▸ Your goal:
Could you output the listing that follows exactly, without its images?

▸ Data in this exercise:
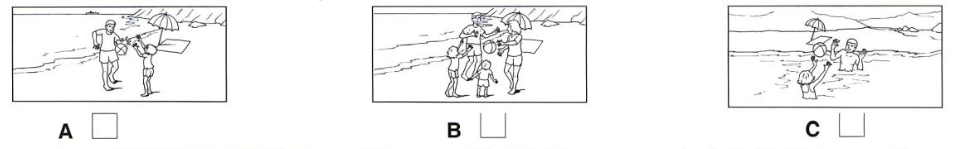 You will hear a man talking to a woman. Which postcard will they send to Mark?
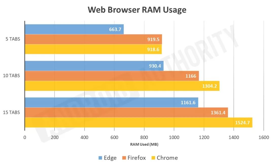 而如今,Robert Triggs 直言,微软的 Edge 将会比 Firefox 更轻巧。为了验证这一点,Robert Triggs 进行了一项快速测试,其在每个浏览器上打开了多达 15 个标签页(每个浏览器打开的是相同的标签),他在所有页面加载完成之后开始测试 RAM 的使用情况。
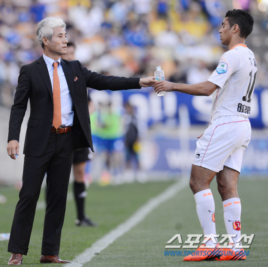 제주 박경훈 감독이 경기중 자일에게 물병을 건네고 있다. 수원=최문영 기자 deer@sportschosun.com /2012.09.23/
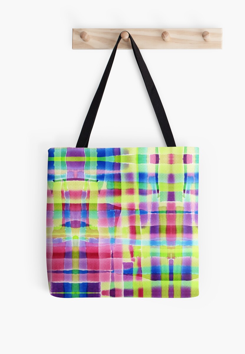 Hand-Painted Gingham Weave Watercolor Rainbow Tote Bag
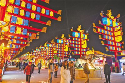 1月31日,游客在位于察右前旗的烏蘭察布之夜街區(qū)游覽。新春佳節(jié)期間,烏蘭察布之夜街區(qū)為游客準備了豐富多彩的節(jié)慶活動,讓大家感受濃濃的年味。記者 王磊 攝
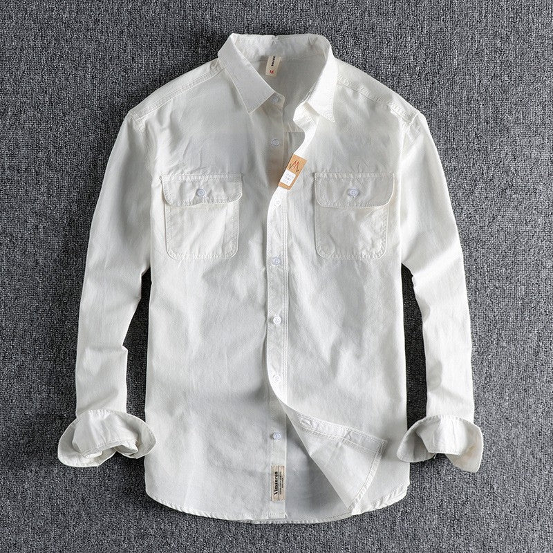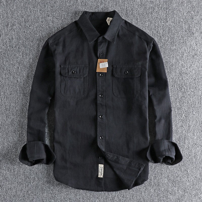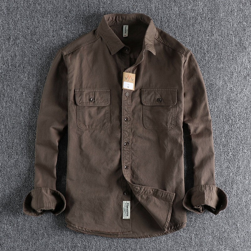 American European Vintage New Fashion Men's Solid Color Long Sleeve Cotton Casual Trendy Loose Cargo Shirts Male Pocket Clothes
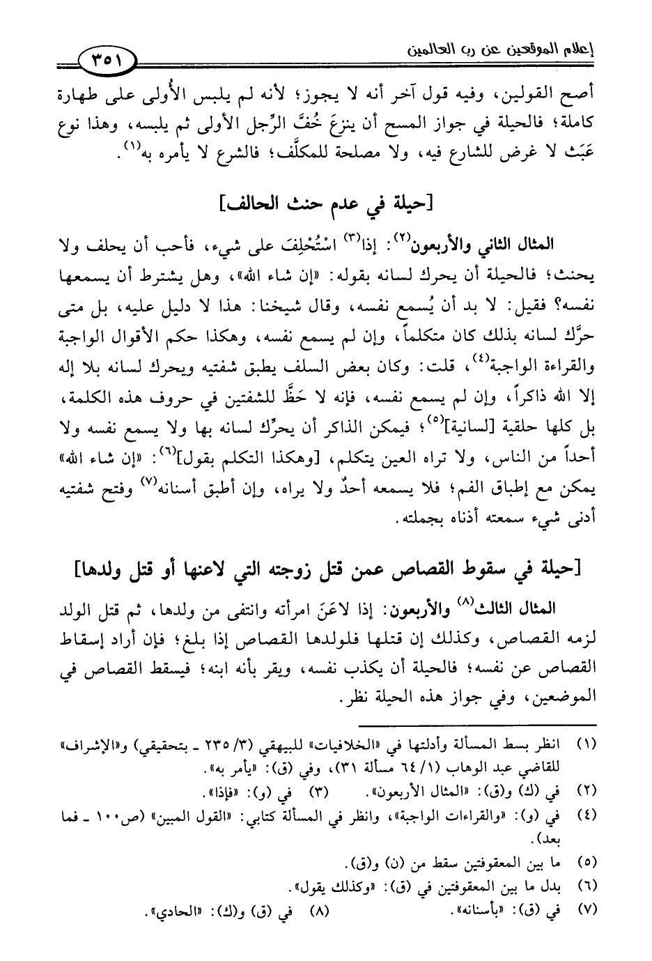 المثال الثالث (٨) والأربعون: إذا لاعَنَ امرأته وانتفى من ولدها، ثم قتل الولد لزمه القصاص، وكذلك إن قتلها فلولدها القصاص إذا بلغ، فإن أراد إسقاط القصاص عن نفسه؛ فالحيلة أن يكذب نفسه، ويقر بأنه ابنه؛ فيسقط القصاص في الموضعين، وفي جواز هذه الحيلة نظر.
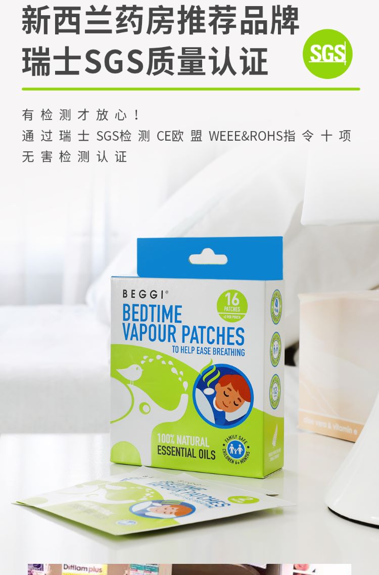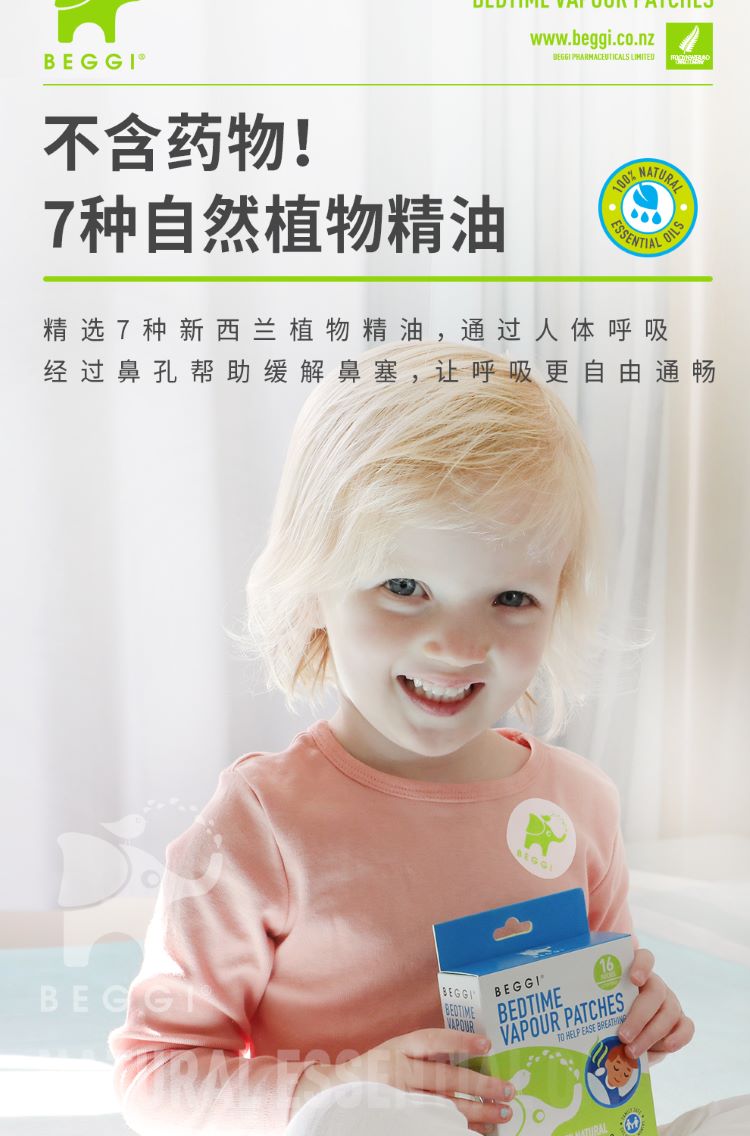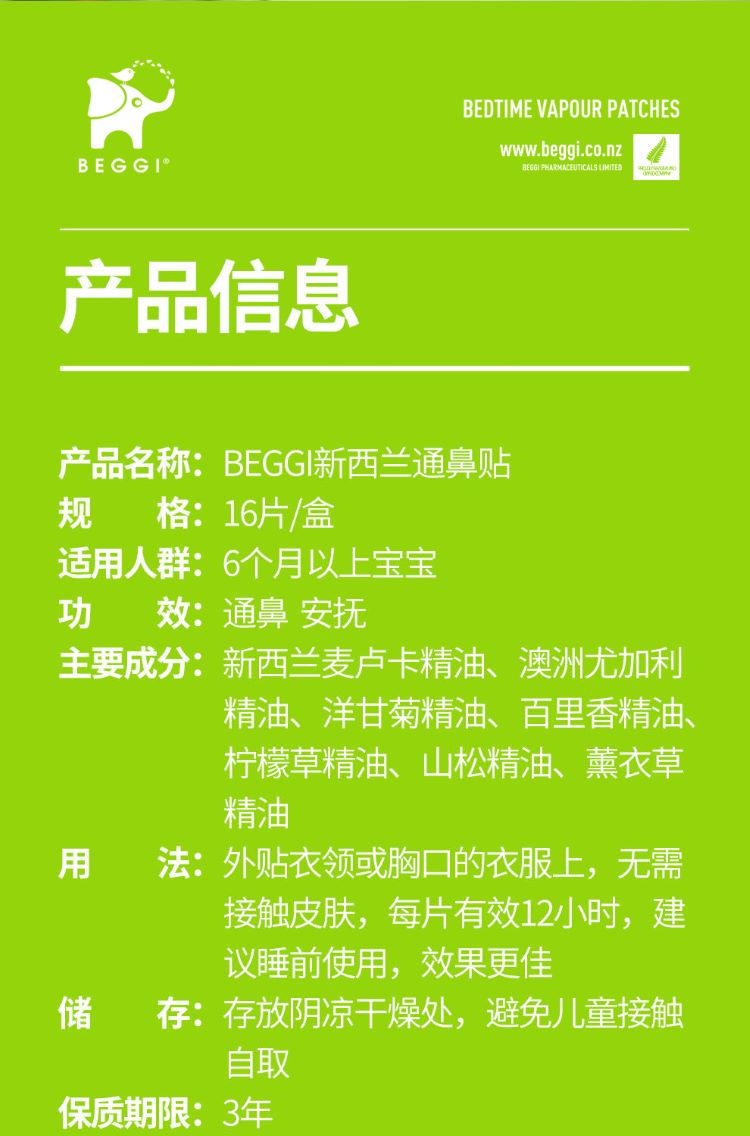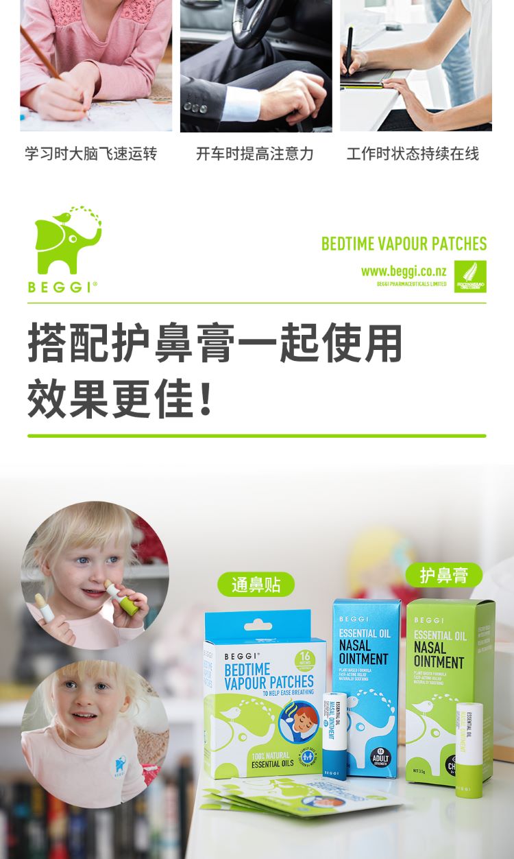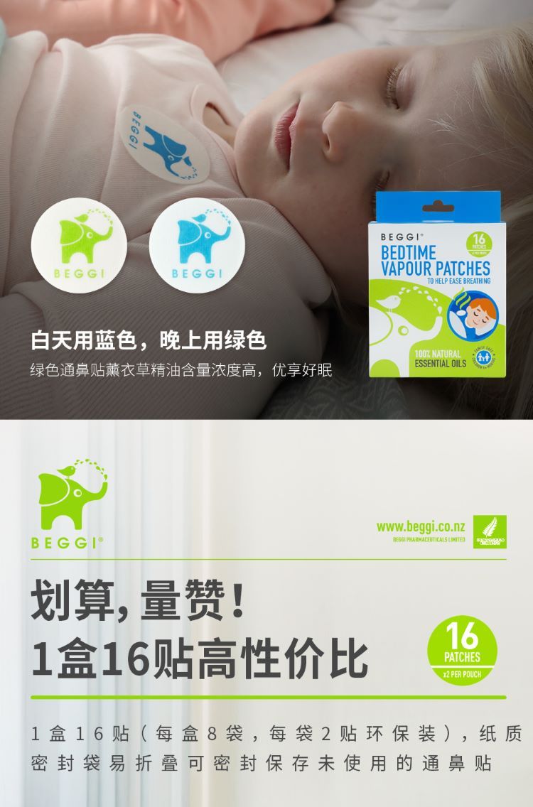 BEGGI新西兰通鼻贴 16片/盒 植物精油成分 舒缓鼻塞 呼吸顺畅 儿童成人通用
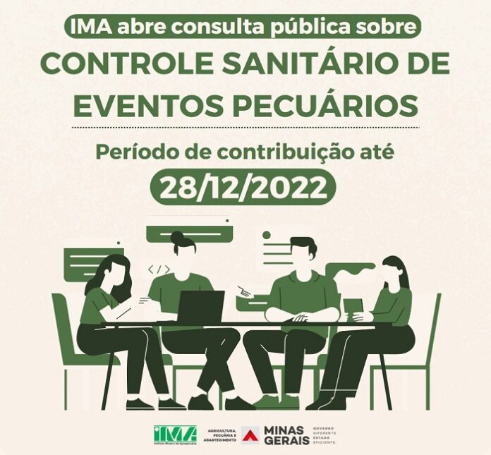 O Instituto Mineiro de Agropecuária (IMA), vinculado à Secretaria de Agricultura, Pecuária e Abastecimento (Seapa), abriu consulta pública sobre procedimentos para registro e definição de critérios de funcionamento e obrigações para entidades promotoras, eventos pecuários, médicos veterinários responsáveis técnicos e produtores para controle sanitário de eventos pecuários. Podem participar promotores, leiloeiras, produtores rurais, médicos veterinários, cooperativas, sindicatos, entidades de classe, agroindústrias e toda a sociedade civil. A iniciativa é da Comissão Permanente de Análise e Revisão de Atos Normativos (CPAR), que visa simplificar os negócios e estimular o empreendedorismo sem burocracia.
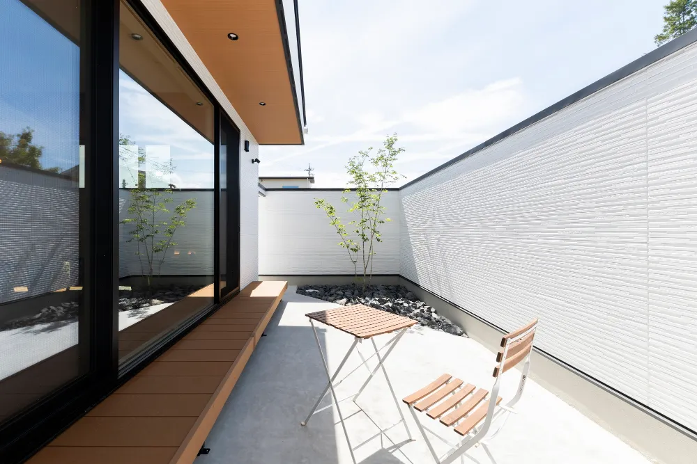 プライベートテラスと大人っぽいナチュラルテイストが魅力の、平屋
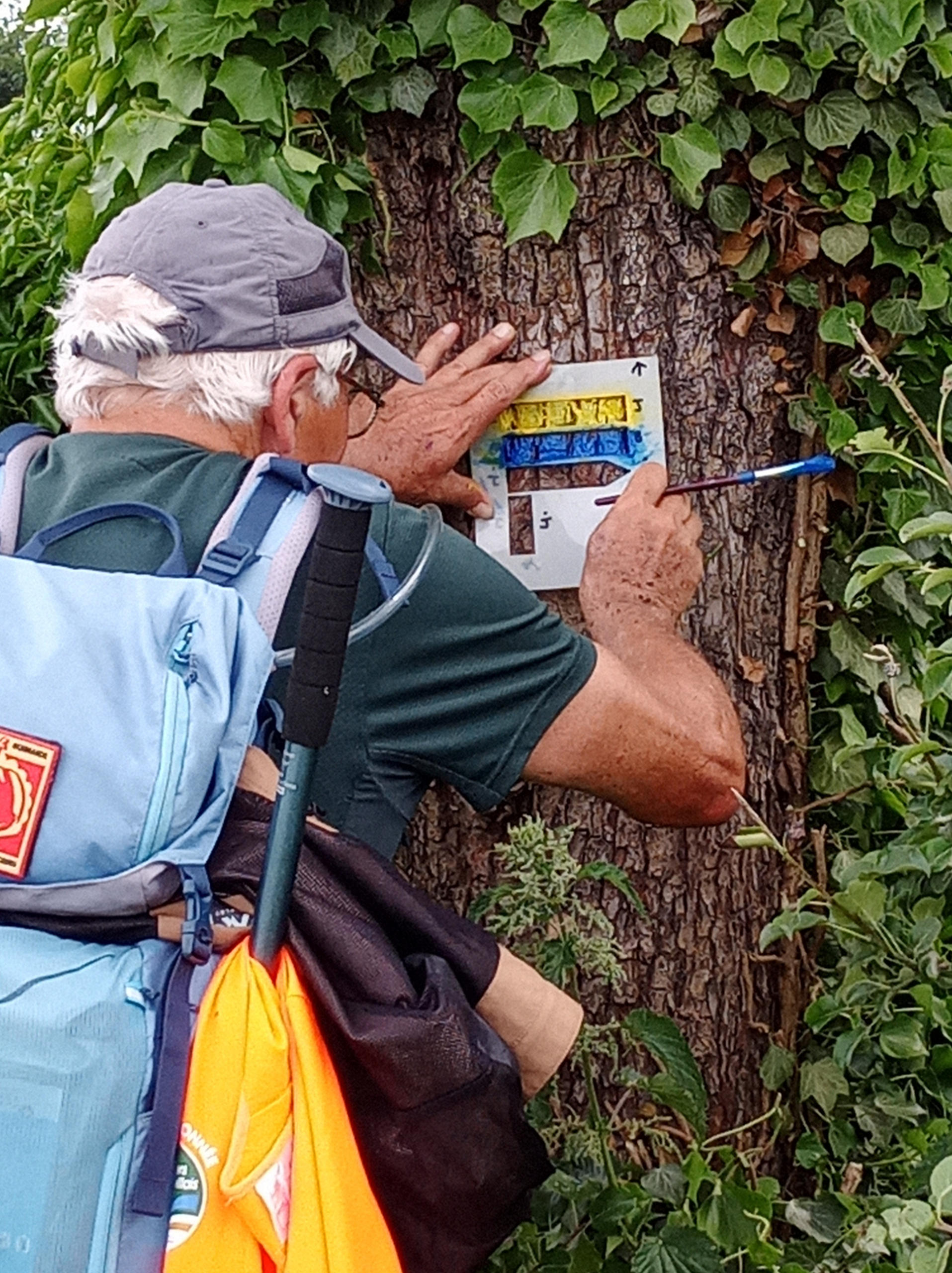 Nous étions 5 à Coudres pour cette seconde séance de balisage et de débroussaillage sur le Chemin des Anglais. Un peu plus de travail sur cette deuxième marche car il a fallu ajouter et modifier quelques balises pas évidentes. Nous faisons pique-nique à Illiers-l’Évêque devant l’église. Ensuite nous reprenons notre marche avec surtout vérification et débroussaillage car les balises revues en juin 2023 ont bien vieilli. Le chemin, un peu avant d’arriver au « Fayel », est utilisé comme terrain de cross par des motos et des quads, et c’est habituel dixit les propriétaires d’une maison proche que nous avons rencontrés. Il faudra y revenir pour bien baliser ce secteur. Nous finissons ce parcours de 16 km par Mesnil sur l’Estrée où nous récupérons la voiture pour revenir à Coudres pour le goûter. Christian

▸ Written response:
 You will hear a man talking to a woman. Which postcard will they send to Mark?
 而如今,Robert Triggs 直言,微软的 Edge 将会比 Firefox 更轻巧。为了验证这一点,Robert Triggs 进行了一项快速测试,其在每个浏览器上打开了多达 15 个标签页(每个浏览器打开的是相同的标签),他在所有页面加载完成之后开始测试 RAM 的使用情况。
 제주 박경훈 감독이 경기중 자일에게 물병을 건네고 있다. 수원=최문영 기자 deer@sportschosun.com /2012.09.23/
 Hand-Painted Gingham Weave Watercolor Rainbow Tote Bag
 1月31日,游客在位于察右前旗的烏蘭察布之夜街區(qū)游覽。新春佳節(jié)期間,烏蘭察布之夜街區(qū)為游客準備了豐富多彩的節(jié)慶活動,讓大家感受濃濃的年味。記者 王磊 攝
 American European Vintage New Fashion Men's Solid Color Long Sleeve Cotton Casual Trendy Loose Cargo Shirts Male Pocket Clothes
 المثال الثالث (٨) والأربعون: إذا لاعَنَ امرأته وانتفى من ولدها، ثم قتل الولد لزمه القصاص، وكذلك إن قتلها فلولدها القصاص إذا بلغ، فإن أراد إسقاط القصاص عن نفسه؛ فالحيلة أن يكذب نفسه، ويقر بأنه ابنه؛ فيسقط القصاص في الموضعين، وفي جواز هذه الحيلة نظر.
 BEGGI新西兰通鼻贴 16片/盒 植物精油成分 舒缓鼻塞 呼吸顺畅 儿童成人通用
 O Instituto Mineiro de Agropecuária (IMA), vinculado à Secretaria de Agricultura, Pecuária e Abastecimento (Seapa), abriu consulta pública sobre procedimentos para registro e definição de critérios de funcionamento e obrigações para entidades promotoras, eventos pecuários, médicos veterinários responsáveis técnicos e produtores para controle sanitário de eventos pecuários. Podem participar promotores, leiloeiras, produtores rurais, médicos veterinários, cooperativas, sindicatos, entidades de classe, agroindústrias e toda a sociedade civil. A iniciativa é da Comissão Permanente de Análise e Revisão de Atos Normativos (CPAR), que visa simplificar os negócios e estimular o empreendedorismo sem burocracia.
 プライベートテラスと大人っぽいナチュラルテイストが魅力の、平屋
 Nous étions 5 à Coudres pour cette seconde séance de balisage et de débroussaillage sur le Chemin des Anglais. Un peu plus de travail sur cette deuxième marche car il a fallu ajouter et modifier quelques balises pas évidentes. Nous faisons pique-nique à Illiers-l’Évêque devant l’église. Ensuite nous reprenons notre marche avec surtout vérification et débroussaillage car les balises revues en juin 2023 ont bien vieilli. Le chemin, un peu avant d’arriver au « Fayel », est utilisé comme terrain de cross par des motos et des quads, et c’est habituel dixit les propriétaires d’une maison proche que nous avons rencontrés. Il faudra y revenir pour bien baliser ce secteur. Nous finissons ce parcours de 16 km par Mesnil sur l’Estrée où nous récupérons la voiture pour revenir à Coudres pour le goûter. Christian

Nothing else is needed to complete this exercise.